Doch selbst wenn die grundsätzliche Haftungsfrage geklärt ist, bleibt die Frage, wer einer geschädigten Person den Schaden ersetzt. Im Fall eines Hundebisses in Oberösterreich sind dabei Schadenersatzbeträge von zumindest 40.000 Euro zugesprochen worden. Nicht jeder Schädiger und jede Schädigerin ist in der Lage, diese Beträge aufzubringen. Aus diesem Grund muss in Wien, Oberösterreich, Salzburg, der Steiermark und in Niederösterreich für einen Hund eine Haftpflichtversicherung mit einer Versicherungssumme von zumindest 725.000 Euro abgeschlossen werden.

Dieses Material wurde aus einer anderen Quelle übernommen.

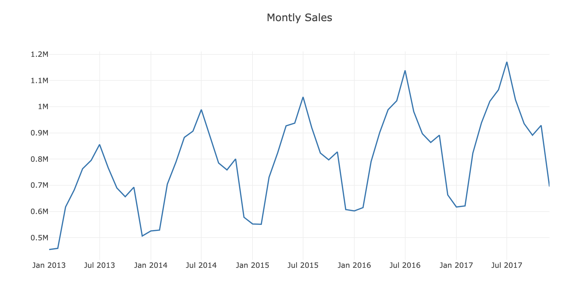 #plot monthly salesplot_data = , y=df_sales, )]plot_layout = go.Layout( title='Montly Sales' )fig = go.Figure(data=plot_data, layout=plot_layout)pyoff.iplot(fig)
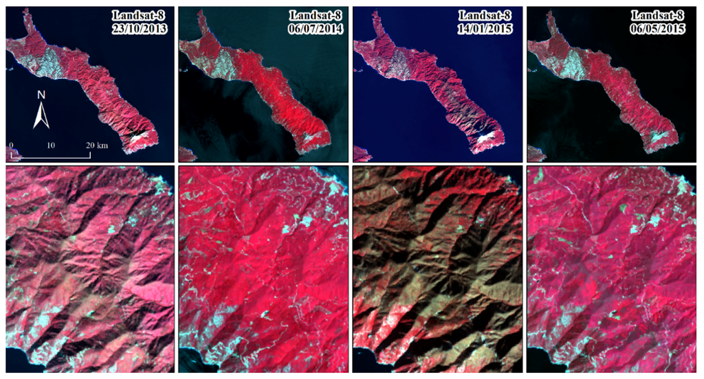 The Nearest Neighbor resampling method was applied for projecting the RapidEye image to the Greek National Geodetic System (EGSA 1987). The pre-processing of Landsat 8 images included the geo-rectification of image subsets by manual extraction from the study that were rectified based on the RapidEye imagery. The geo-rectification was done using 45 ground control points, a 5-m spacing Digital Elevation Model (DEM) of the area, and second-order polynomial coefficients. All satellite images were delivered as digital numbers (DN) at first place.
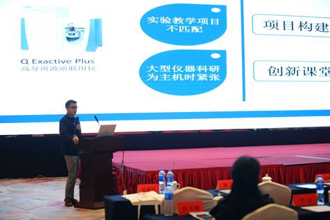 实验教学示范中心万建老师做了题为“基于高分辨质谱技术的实验教学设计与探究”的报告,以通过技术攻关-自研自制省耗材、实验教学项目构建-贴近教学辅教材、创新课堂-以赛促学树人才三个方面向与会代表分享了我院在推进科研成果转化本科实验项目的相关工作。
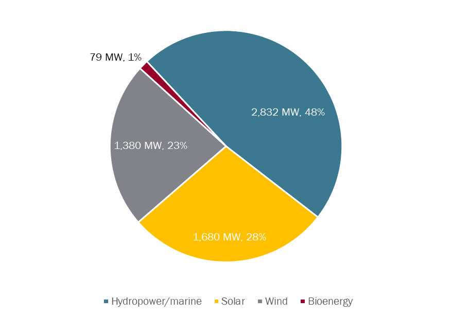 Historically, renewable energy sources have provided over 95% of the country's electricity. In 2020, hydropower accounted for 85% of the country's electricity capacity, while wind and bioenergy accounted for 7% and 6%, respectively. However, according to the International Trade Administration (ITA), the country exploits less than 5% of its exploitable hydropower reserve, less than 1% of its wind resources, and less than 50% of its bioenergy capacity.
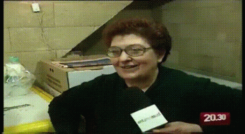 A woman with glasses smiles while holding a microphone, discussing 'Lo torrone' (nougat) in an Italian context.
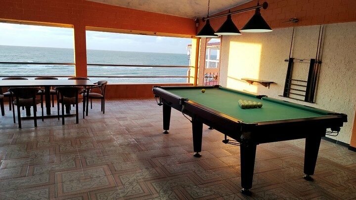 Прекрасное место для тихого семейного отдыха. Пляж ракушечный, оборудован шезлонгами и зонтиками, каждый день его убирают и чистят. На территории есть домик с шариками и горками, так же есть большой батут. Аниматорам можно поставить твёрдую пятёрку с плюсом. Для детей прекрасная программа. Утренняя гимнастика, потом мультфильмы в кинозале, вечером дискотека. Территория пансионата чистая, ухоженная, вся в цветах. Номера хорошие , есть все необходимое, уборка каждый день. Мы отдыхали дважды, на следующий год поедем обязательно
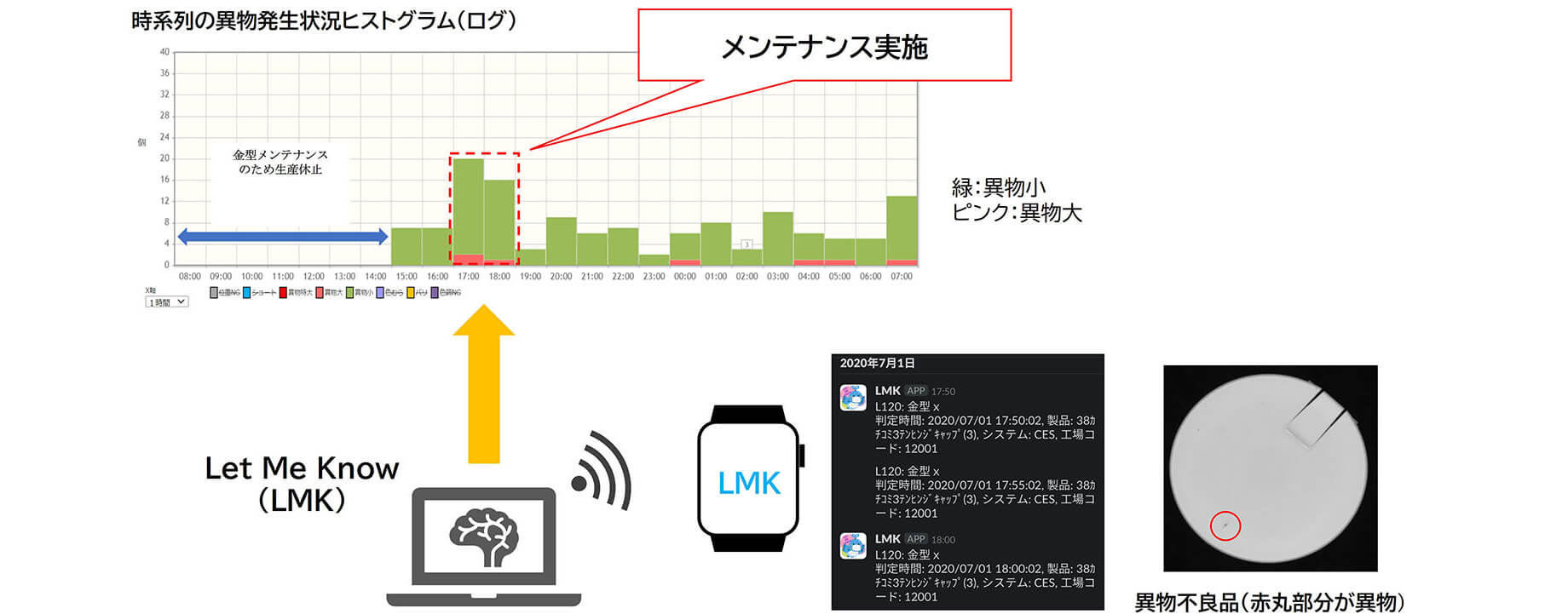 成形機にはセンサーを設置し、「MiS(Molding Information System)や「My CFM(My Clamping Force Monitor)」といったシステムを導入。My CFMでは金型をしっかり閉じた状態に保つために必要な力である型締力をリアルタイムで監視し、熟練者の感覚に頼っていた微細な異常も数値で把握できます。MiSと連携することで、異常の早期検知や予防保全、不良原因の特定が可能です。さらに、データ監視・自動通知システムである「Let Me Know」により、異常発生時には作業者や管理者のスマートウォッチに通知され、現場外でも迅速に対応できます。

In Niederösterreich ist dieser Nachweis für bestimmte Hunde, welche bereits vor dem 1. Juni 2023 gehalten wurden, noch bis spätestens 1. Juni 2025 der Gemeinde zu melden. In Tirol ist lediglich der Abschluss einer Haftpflichtversicherung, jedoch keine bestimmte Versicherungssumme, landesgesetzlich vorgeschrieben. Dadurch soll der geschädigten Person ein ausreichender Haftungsfonds zur Verfügung stehen. Aufgrund der häufigeren Berichterstattung über Vorfälle mit Hunden ist nicht auszuschließen, dass die übrigen Bundesländer diesbezüglich gleichartige Regelungen erlassen werden.

Verpflichtende Meldung

Nach dem Tierschutzgesetz müssen alle Hunde gechipt und bei der Heimtierdatenbank des Gesundheitsministeriums gemeldet werden. Mittels ID Austria kann eine Registrierung selbst kostenlos durchgeführt werden. Alternativ bietet das Stadtservice Wien gemeinsam mit dem Tierquartier Wien noch bis Oktober 2024 eine kostenlose Registrierung in der Heimtierdatenbank an. Da eine Registrierung von Hunden mittels eines Chips sowie in der Heimtierdatenbank gesetzlich verpflichtend ist, stellen Verstöße Verwaltungsübertretungen dar. In diesem Fall drohen Verwaltungsstrafen von bis zu 3750 Euro. (Reinhard Vanek, 23.6.2024)

Reinhard Vanek ist Rechtsanwalt in Wien und unter anderem auf Tierrecht spezialisiert.